(Data entries)
▼
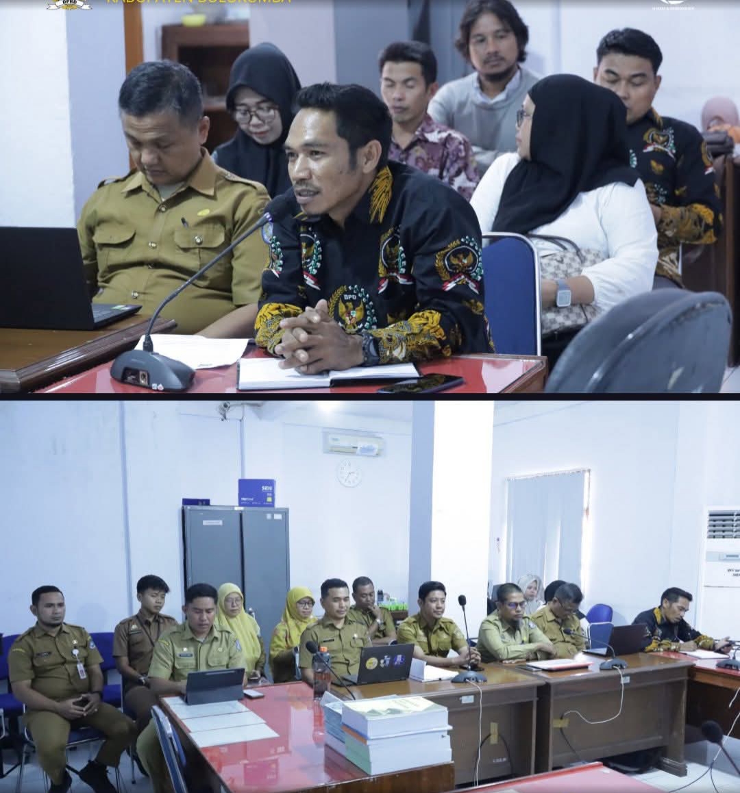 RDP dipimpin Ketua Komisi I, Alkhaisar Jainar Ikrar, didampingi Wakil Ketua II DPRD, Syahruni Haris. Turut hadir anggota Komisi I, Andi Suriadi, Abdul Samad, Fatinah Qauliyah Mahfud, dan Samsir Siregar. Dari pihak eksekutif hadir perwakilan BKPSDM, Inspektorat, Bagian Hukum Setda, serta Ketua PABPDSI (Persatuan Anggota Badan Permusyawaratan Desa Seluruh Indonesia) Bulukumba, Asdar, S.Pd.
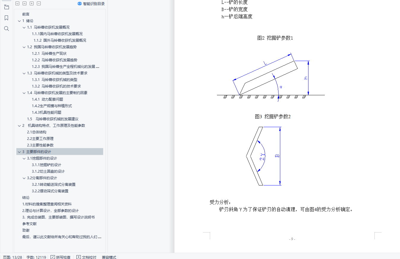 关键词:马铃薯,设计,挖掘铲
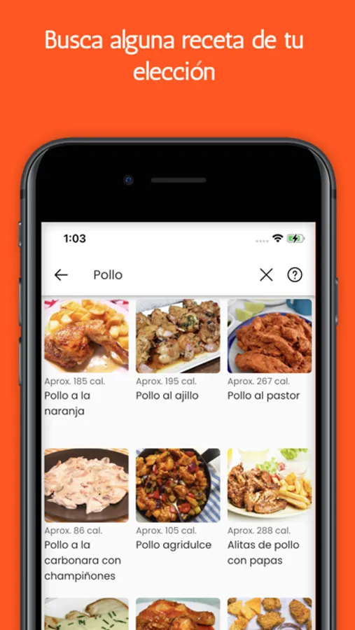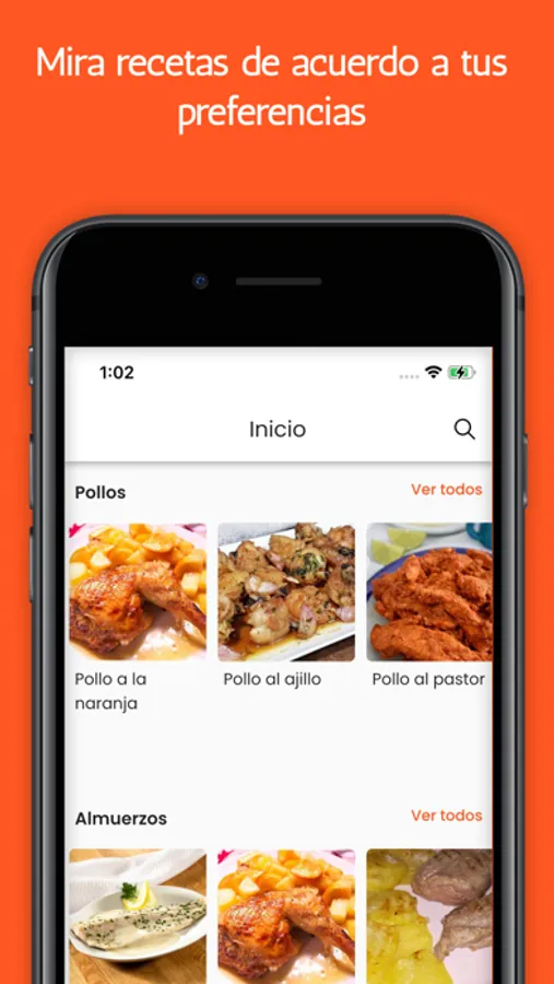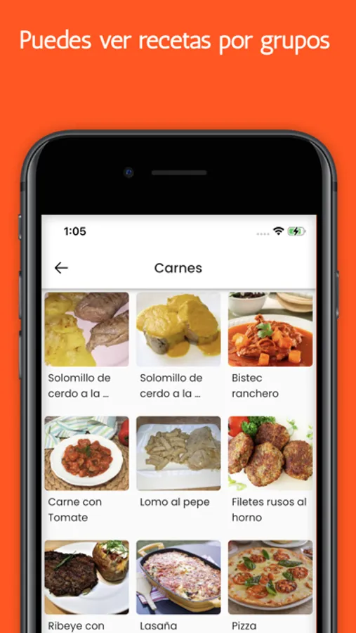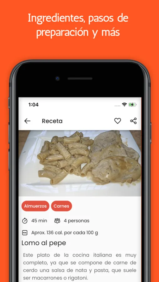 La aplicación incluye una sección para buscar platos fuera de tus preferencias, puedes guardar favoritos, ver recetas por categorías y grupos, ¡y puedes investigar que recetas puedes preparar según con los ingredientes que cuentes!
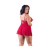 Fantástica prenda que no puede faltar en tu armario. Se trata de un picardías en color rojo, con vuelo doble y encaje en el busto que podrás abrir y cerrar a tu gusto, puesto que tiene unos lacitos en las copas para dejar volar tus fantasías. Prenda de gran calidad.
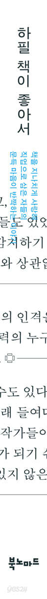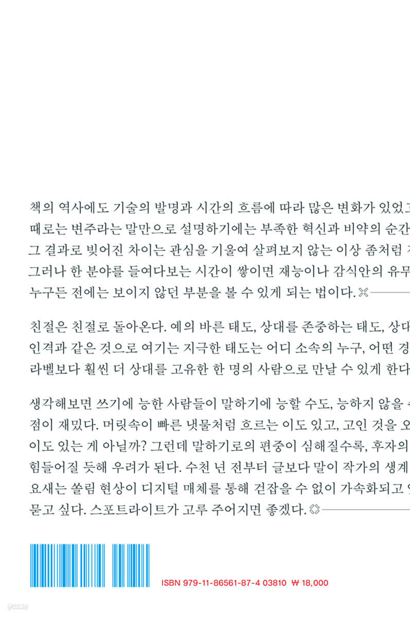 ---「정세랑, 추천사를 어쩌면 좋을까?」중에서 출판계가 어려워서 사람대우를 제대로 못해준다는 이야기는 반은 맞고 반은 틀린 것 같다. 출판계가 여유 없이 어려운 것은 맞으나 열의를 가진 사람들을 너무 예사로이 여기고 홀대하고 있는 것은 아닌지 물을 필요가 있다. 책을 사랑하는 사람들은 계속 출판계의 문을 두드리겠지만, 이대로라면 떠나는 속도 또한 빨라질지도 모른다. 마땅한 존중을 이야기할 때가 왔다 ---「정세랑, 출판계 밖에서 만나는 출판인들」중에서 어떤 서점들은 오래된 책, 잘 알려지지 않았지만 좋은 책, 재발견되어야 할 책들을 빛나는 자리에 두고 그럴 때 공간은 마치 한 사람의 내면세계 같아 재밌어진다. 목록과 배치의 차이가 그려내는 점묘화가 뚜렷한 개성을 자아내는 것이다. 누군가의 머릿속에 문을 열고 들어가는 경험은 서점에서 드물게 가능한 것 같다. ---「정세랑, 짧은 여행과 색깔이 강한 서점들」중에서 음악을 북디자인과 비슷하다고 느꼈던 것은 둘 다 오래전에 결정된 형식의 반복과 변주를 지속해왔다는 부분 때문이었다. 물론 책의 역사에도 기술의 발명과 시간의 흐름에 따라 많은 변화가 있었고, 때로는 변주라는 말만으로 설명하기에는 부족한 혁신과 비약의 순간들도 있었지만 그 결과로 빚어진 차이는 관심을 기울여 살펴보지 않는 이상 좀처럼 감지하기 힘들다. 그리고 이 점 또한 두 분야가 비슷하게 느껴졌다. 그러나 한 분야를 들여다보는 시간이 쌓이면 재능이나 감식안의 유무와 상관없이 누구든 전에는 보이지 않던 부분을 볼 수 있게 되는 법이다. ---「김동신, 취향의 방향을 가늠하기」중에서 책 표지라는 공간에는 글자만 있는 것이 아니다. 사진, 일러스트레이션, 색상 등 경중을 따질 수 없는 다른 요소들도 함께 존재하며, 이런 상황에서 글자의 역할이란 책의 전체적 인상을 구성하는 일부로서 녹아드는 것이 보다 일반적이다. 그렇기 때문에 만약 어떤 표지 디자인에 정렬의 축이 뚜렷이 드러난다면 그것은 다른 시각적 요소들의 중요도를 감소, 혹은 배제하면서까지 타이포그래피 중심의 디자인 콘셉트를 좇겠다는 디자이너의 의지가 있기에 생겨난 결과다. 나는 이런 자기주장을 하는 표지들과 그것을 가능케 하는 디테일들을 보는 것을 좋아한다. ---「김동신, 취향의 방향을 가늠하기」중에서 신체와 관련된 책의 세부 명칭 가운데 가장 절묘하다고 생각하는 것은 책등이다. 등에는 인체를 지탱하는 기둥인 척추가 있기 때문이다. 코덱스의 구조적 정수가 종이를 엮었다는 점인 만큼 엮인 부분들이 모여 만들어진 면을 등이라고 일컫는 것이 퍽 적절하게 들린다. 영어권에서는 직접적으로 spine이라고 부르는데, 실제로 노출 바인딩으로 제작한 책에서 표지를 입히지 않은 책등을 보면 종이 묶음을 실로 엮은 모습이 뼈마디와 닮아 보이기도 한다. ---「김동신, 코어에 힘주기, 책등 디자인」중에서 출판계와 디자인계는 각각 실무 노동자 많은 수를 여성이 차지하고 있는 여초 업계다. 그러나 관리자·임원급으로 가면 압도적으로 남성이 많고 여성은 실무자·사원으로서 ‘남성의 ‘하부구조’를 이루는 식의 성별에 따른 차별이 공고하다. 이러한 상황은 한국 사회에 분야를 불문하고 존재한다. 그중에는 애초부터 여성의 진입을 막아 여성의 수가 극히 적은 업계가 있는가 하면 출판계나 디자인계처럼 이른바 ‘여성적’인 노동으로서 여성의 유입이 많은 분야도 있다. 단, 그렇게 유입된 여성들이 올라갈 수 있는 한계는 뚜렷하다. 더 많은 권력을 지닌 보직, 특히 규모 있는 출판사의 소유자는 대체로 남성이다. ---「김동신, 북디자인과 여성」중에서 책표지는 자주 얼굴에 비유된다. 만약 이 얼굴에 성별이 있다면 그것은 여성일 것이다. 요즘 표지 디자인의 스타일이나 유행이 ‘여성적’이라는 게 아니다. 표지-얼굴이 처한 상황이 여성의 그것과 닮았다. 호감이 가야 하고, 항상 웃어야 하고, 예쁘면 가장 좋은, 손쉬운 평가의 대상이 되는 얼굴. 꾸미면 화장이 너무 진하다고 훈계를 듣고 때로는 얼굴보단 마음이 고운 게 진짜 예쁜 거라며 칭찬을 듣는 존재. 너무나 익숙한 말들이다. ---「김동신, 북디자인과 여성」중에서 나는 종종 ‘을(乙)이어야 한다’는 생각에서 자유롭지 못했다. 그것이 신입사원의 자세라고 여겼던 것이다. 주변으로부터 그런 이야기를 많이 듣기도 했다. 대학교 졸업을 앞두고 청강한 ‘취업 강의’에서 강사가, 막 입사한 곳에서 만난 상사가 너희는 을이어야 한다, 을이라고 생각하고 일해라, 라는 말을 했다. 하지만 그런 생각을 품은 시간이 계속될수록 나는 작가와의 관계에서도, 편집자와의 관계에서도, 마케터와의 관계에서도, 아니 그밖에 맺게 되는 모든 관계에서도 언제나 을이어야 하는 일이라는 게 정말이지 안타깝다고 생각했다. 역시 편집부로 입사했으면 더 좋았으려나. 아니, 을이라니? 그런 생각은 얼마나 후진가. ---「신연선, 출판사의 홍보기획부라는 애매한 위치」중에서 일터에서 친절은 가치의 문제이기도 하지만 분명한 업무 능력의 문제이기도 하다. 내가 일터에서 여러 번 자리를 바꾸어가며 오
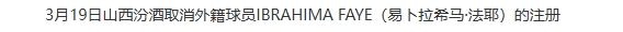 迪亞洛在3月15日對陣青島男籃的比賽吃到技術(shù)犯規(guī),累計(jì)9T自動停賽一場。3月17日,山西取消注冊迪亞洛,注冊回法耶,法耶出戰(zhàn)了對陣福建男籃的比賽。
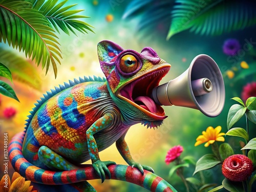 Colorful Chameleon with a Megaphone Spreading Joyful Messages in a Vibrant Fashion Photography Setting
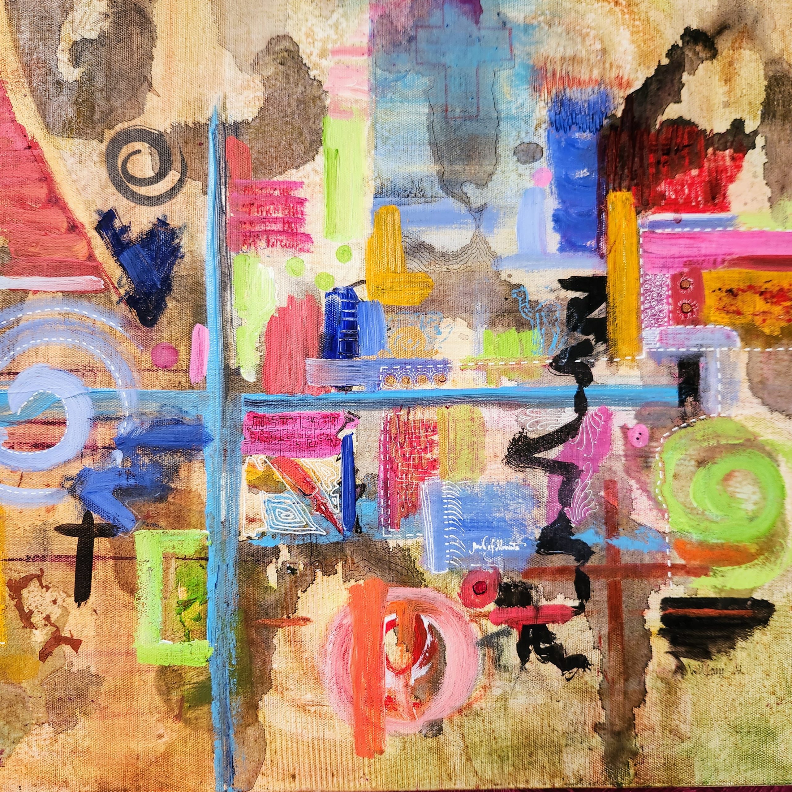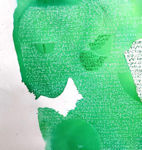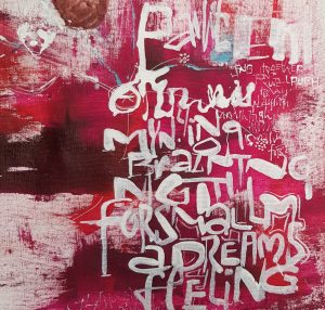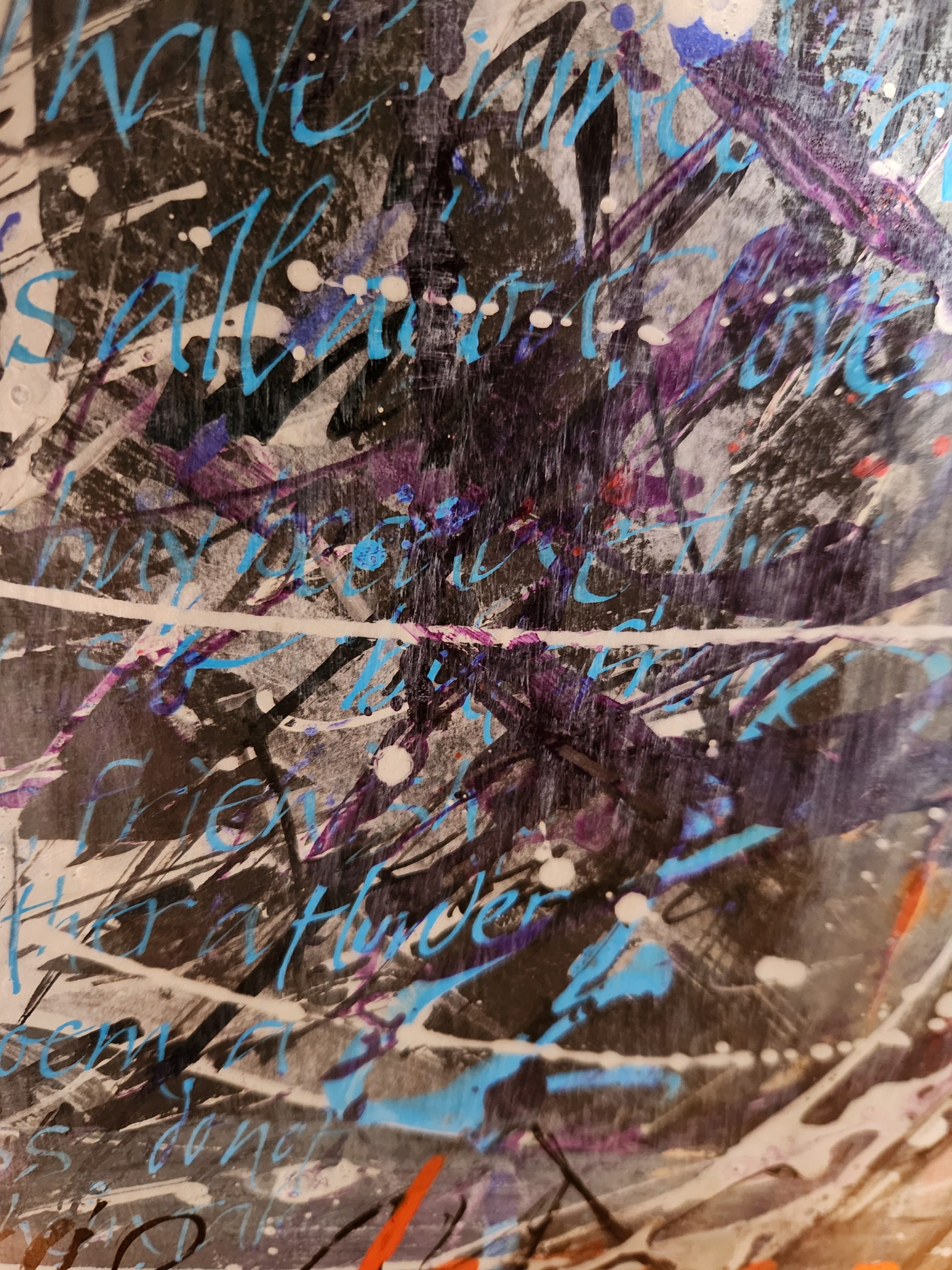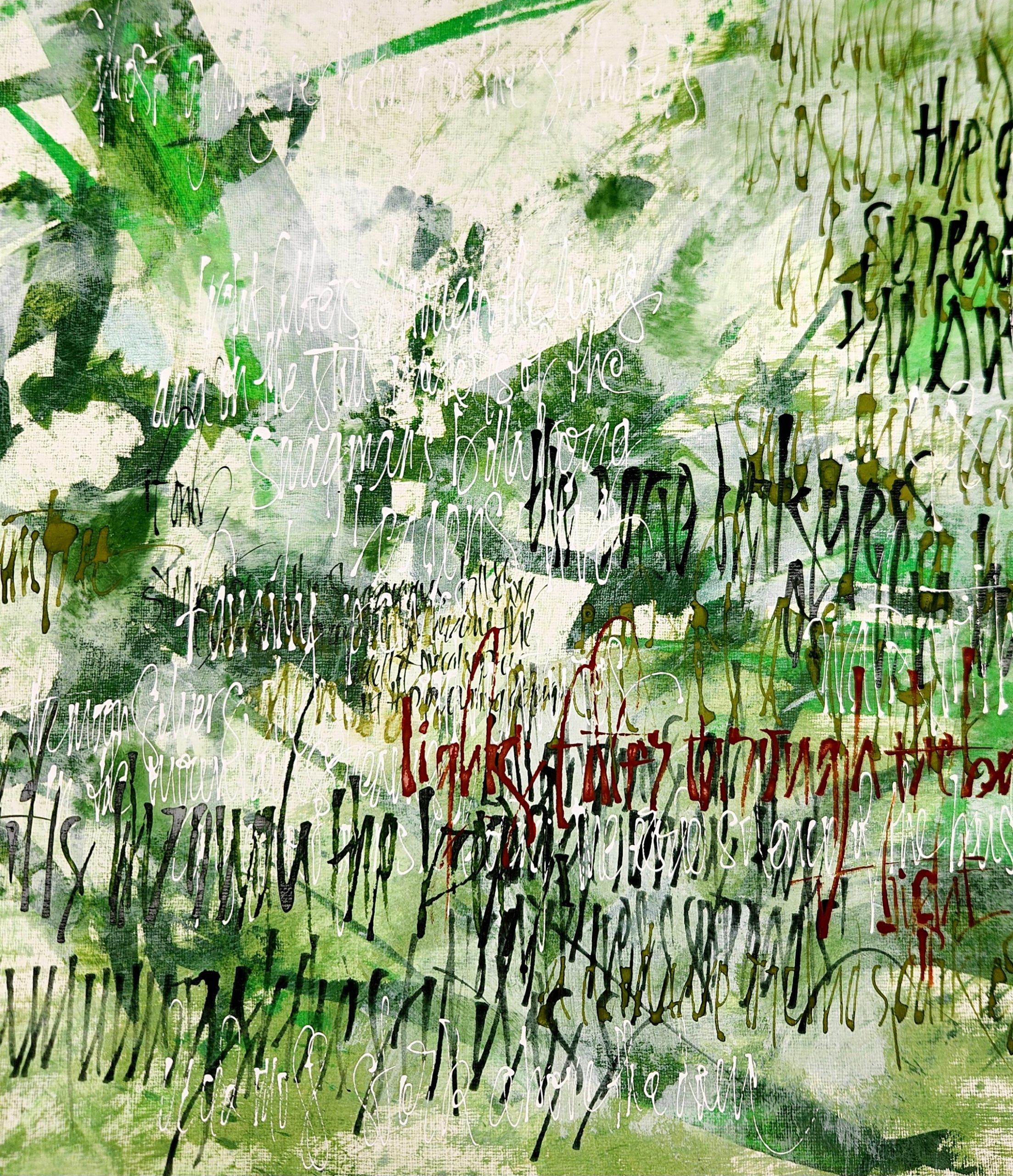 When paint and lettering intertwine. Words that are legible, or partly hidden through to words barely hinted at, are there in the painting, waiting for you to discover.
▲
ACTIVITY: What you write out is the stretch of entries from the line containing "关键词:马铃薯,设计,挖掘铲" to the line containing "Fantástica prenda que", word for word, with both end lines and no pictures.

EXERCISE RESPONSE:
 关键词:马铃薯,设计,挖掘铲
 La aplicación incluye una sección para buscar platos fuera de tus preferencias, puedes guardar favoritos, ver recetas por categorías y grupos, ¡y puedes investigar que recetas puedes preparar según con los ingredientes que cuentes!
 Fantástica prenda que no puede faltar en tu armario. Se trata de un picardías en color rojo, con vuelo doble y encaje en el busto que podrás abrir y cerrar a tu gusto, puesto que tiene unos lacitos en las copas para dejar volar tus fantasías. Prenda de gran calidad.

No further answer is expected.